I’ve stayed off-site and on-site for runDisney events. In California, I stay off-site because I live off-site…but even then both on-site and off-site hotels are going to be within walking distance of the starting point (and Mickey & Friends parking structure will have long-ish lines to get enter, but the freeways are all dead first thing in the morning if you do opt to drive).

In Florida, I think there are pros and cons to Disney off-site and on-site. The biggest pro to staying off-site that I don’t often see discussed is sleeping in your car! (No, not all night.) Disney recommends participants err on the safe side and arrive at ungodly hours to avoid issues with traffic closures. If you take the free transportation, you might be standing around in your corral for over an hour if traffic is smooth. If you drive, you can recline the seat and take a nap after arriving early. No standing outside in the cold at 5 a.m. for you!

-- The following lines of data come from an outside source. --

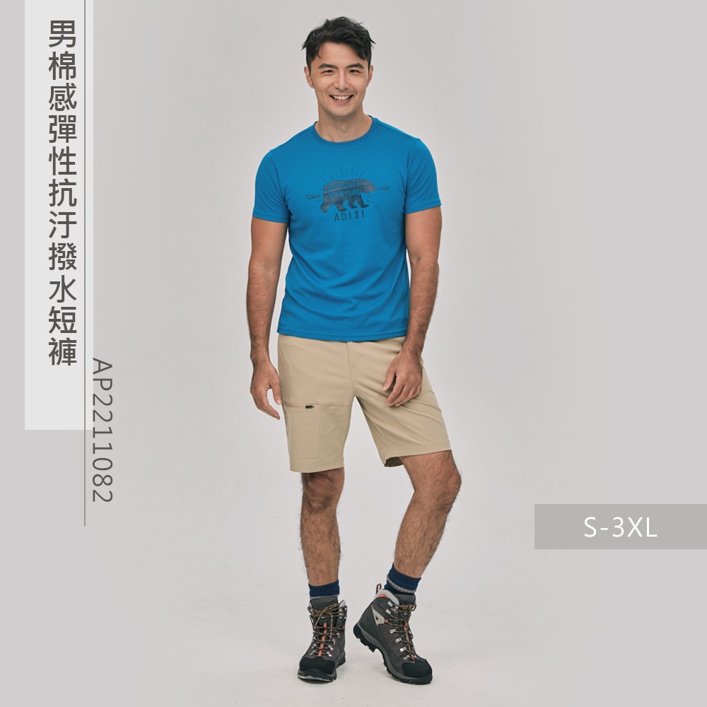 ADISI 男棉感彈性抗汙撥水短褲AP2211082 (S-2XL) 碳灰|防潑水 輕量 排汗快乾 透氣 機能 休閒
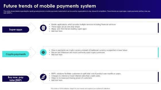 This slide shows details regarding the rapidly growing trends in mobile payments market which can be used by organizations to stay ahead of competitors. These trends are super apps, crypto payments and buy now, pay later BNPL. From laying roadmaps to briefing everything in detail, our templates are perfect for you. You can set the stage with your presentation slides. All you have to do is download these easy to edit and customizable templates. Future Trends Of Mobile Payments System Ppt Icon Example Introduction PDF will help you deliver an outstanding performance that everyone would remember and praise you for. Do download this presentation today.
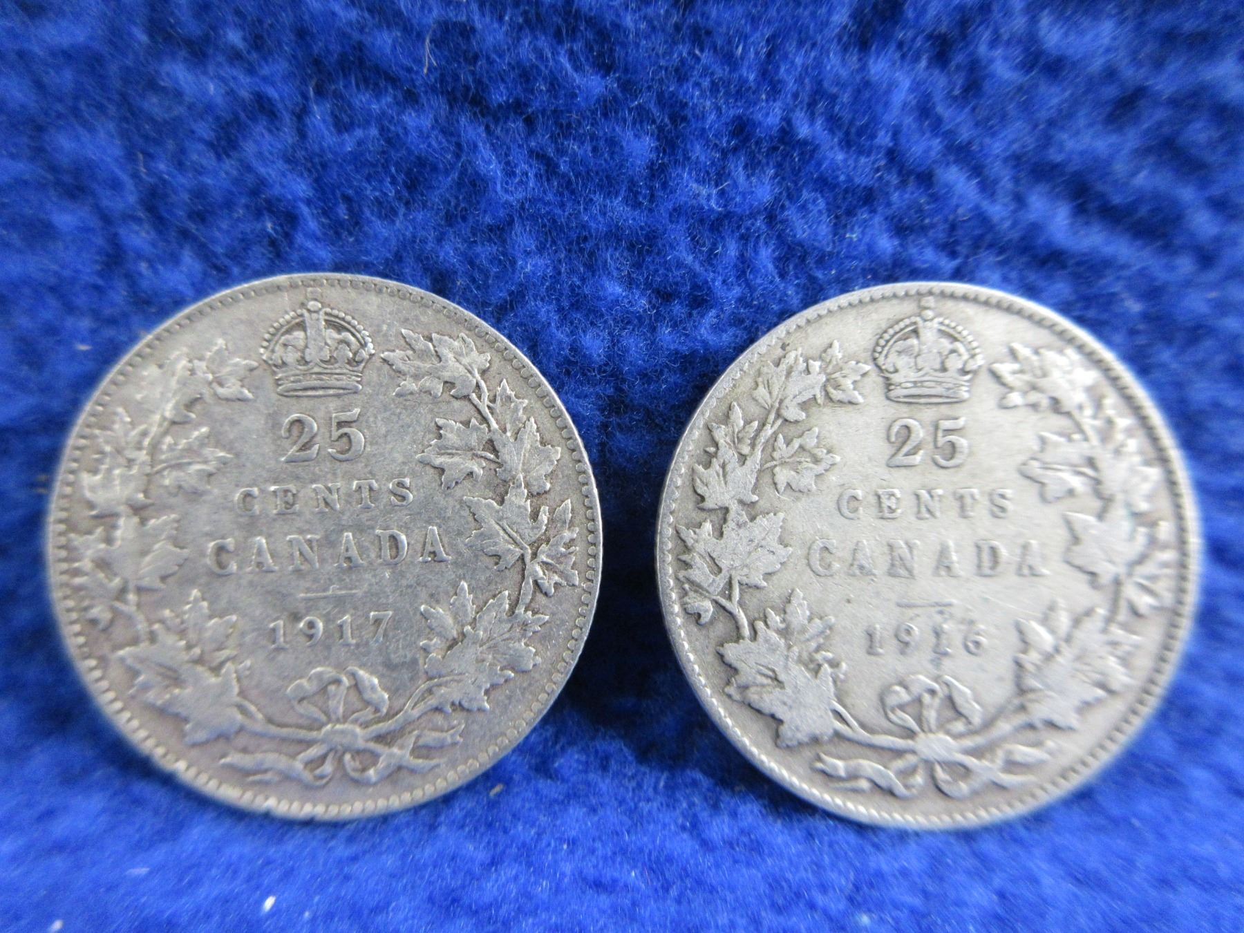 2 Canadian 25 Cent Coins - .925 Silver - 1916, 1917
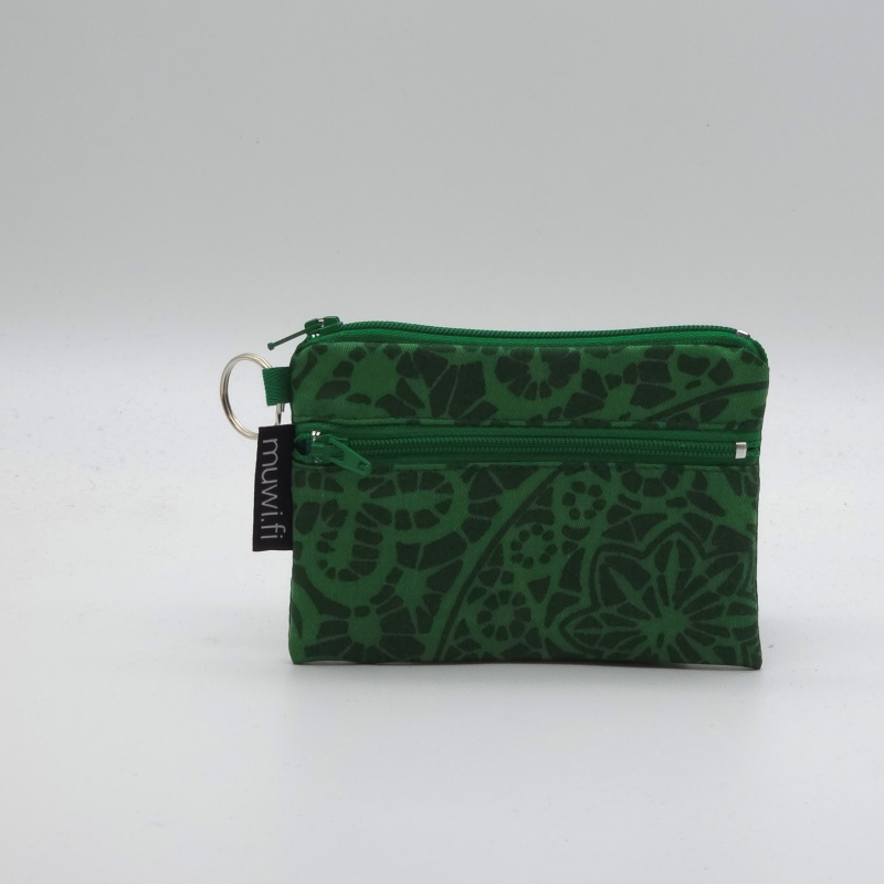 Valmistettu kierrätyspuuvillasta koko n.13x9cm. Puuvillavuorattu pussukka, sivussa tasku kolikoille. Tähän mahtuu kortteja, sekä setelit ja kolikot. Marjatta Metsovaaran Tampellalle suunnittelemaa Pitsi-kuosia.
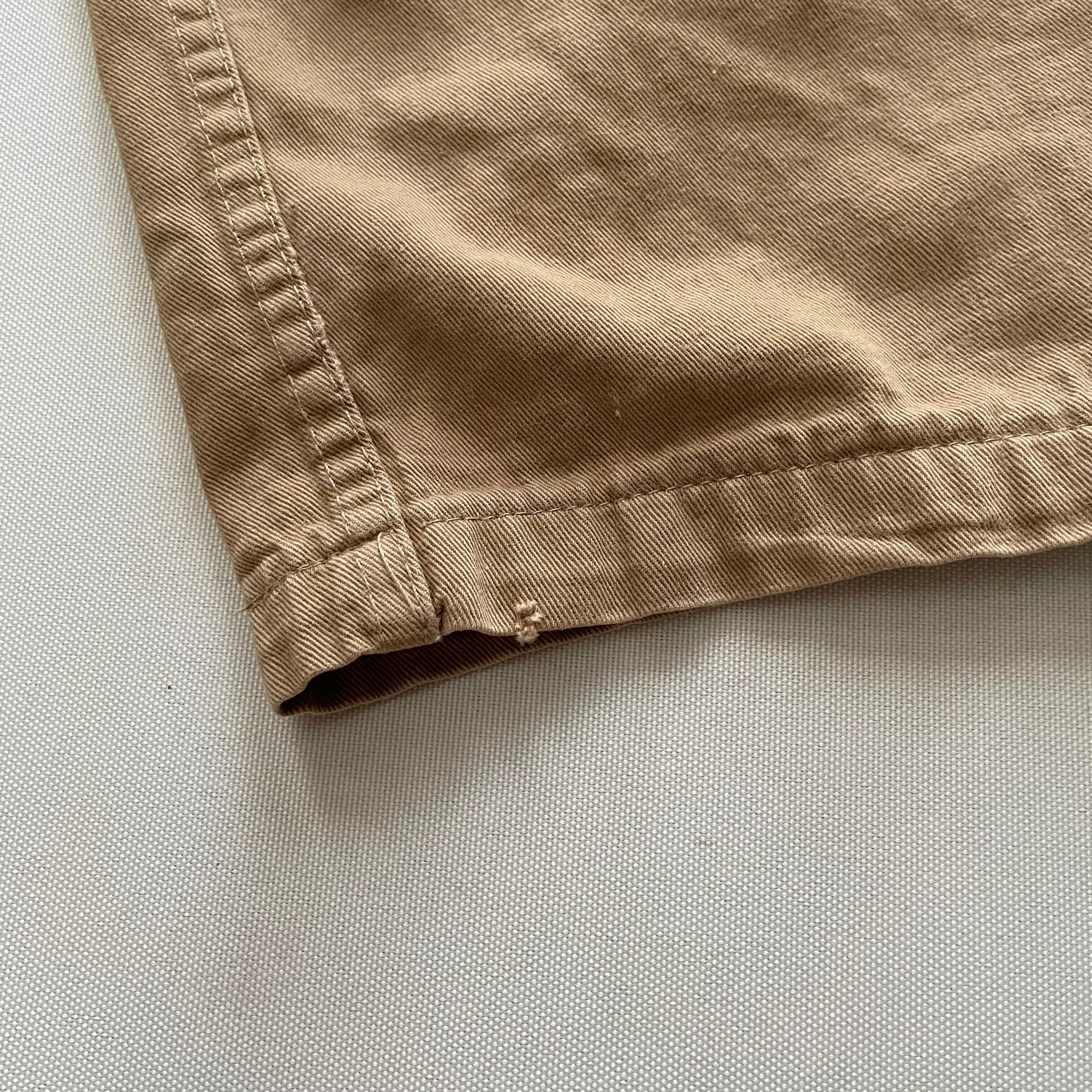 右ポケット縁部分・背面右裾部分にダメージ、左ふくらはぎ部分に薄い汚れがあります。(画像10~12枚目)
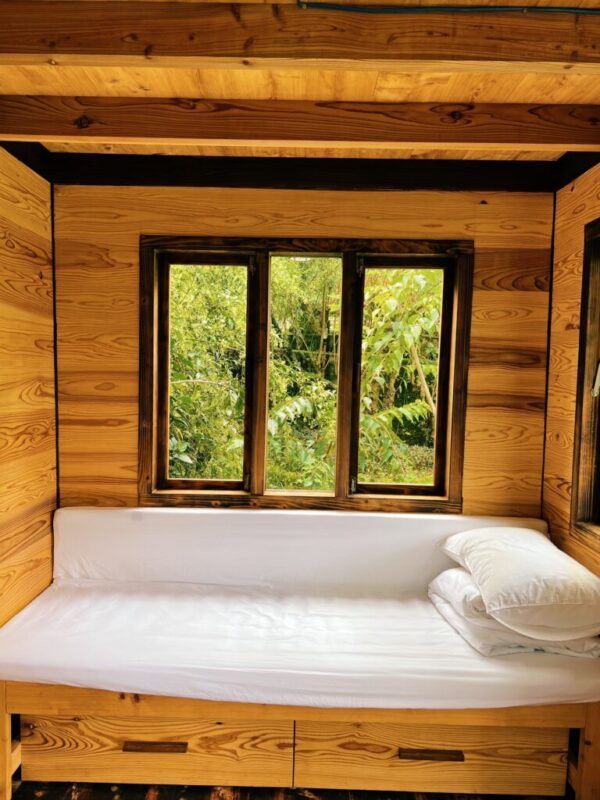 – Cabin gỗ gồm: 1 giường ngủ áp mái, 1 giường đơn, khu vực nấu ăn cơ bản và 1 WC
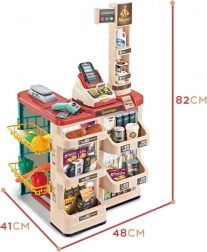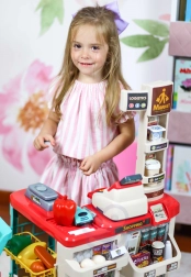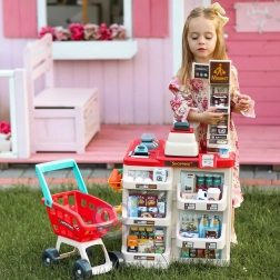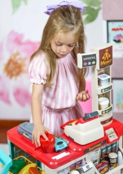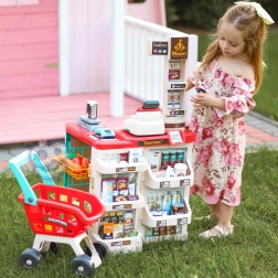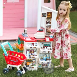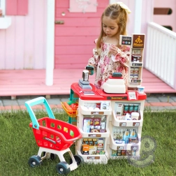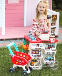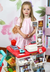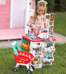Promišljen raspored s policama i cjenovkama potiče učenje o vrijednosti novca, računanju i osnovnoj financijskoj pismenosti. Realistične namirnice (voće, povrće, pića, mliječni proizvodi i dr.) potiču maštu i razgovor, dok se izdržljiva plastična izrada uklapa u svaku dječju sobu.
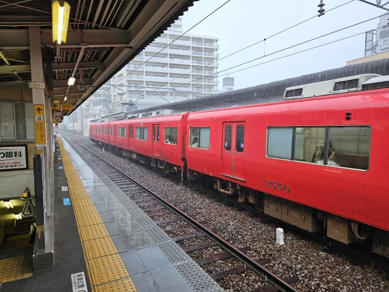 名鉄は慣れてないので駅構内でちょっと迷いました。なんとか探して1番線に降りました。ホームでは2分毎という相変わらず列車の出入りが多いです。前述のダイヤ乱れのため順番が入れ替わってますね。

Another option I’ve used is Uber, which I found works really well at Walt Disney World, and that includes for runDisney events. I was worried that driver availability would be scarce at 4 a.m., but it was not–apparently this is a popular time for drivers to work for airport runs. Note that many Uber drivers will not be aware of road closures, so you should be prepared to provide them with directions (contained in your race pamphlet that runDisney provides at the Expo–I just took an iPhone photo of that page and read off of it in the car each morning of the Dopey Challenge). The other downside is no sleeping in the car if you arrive too early.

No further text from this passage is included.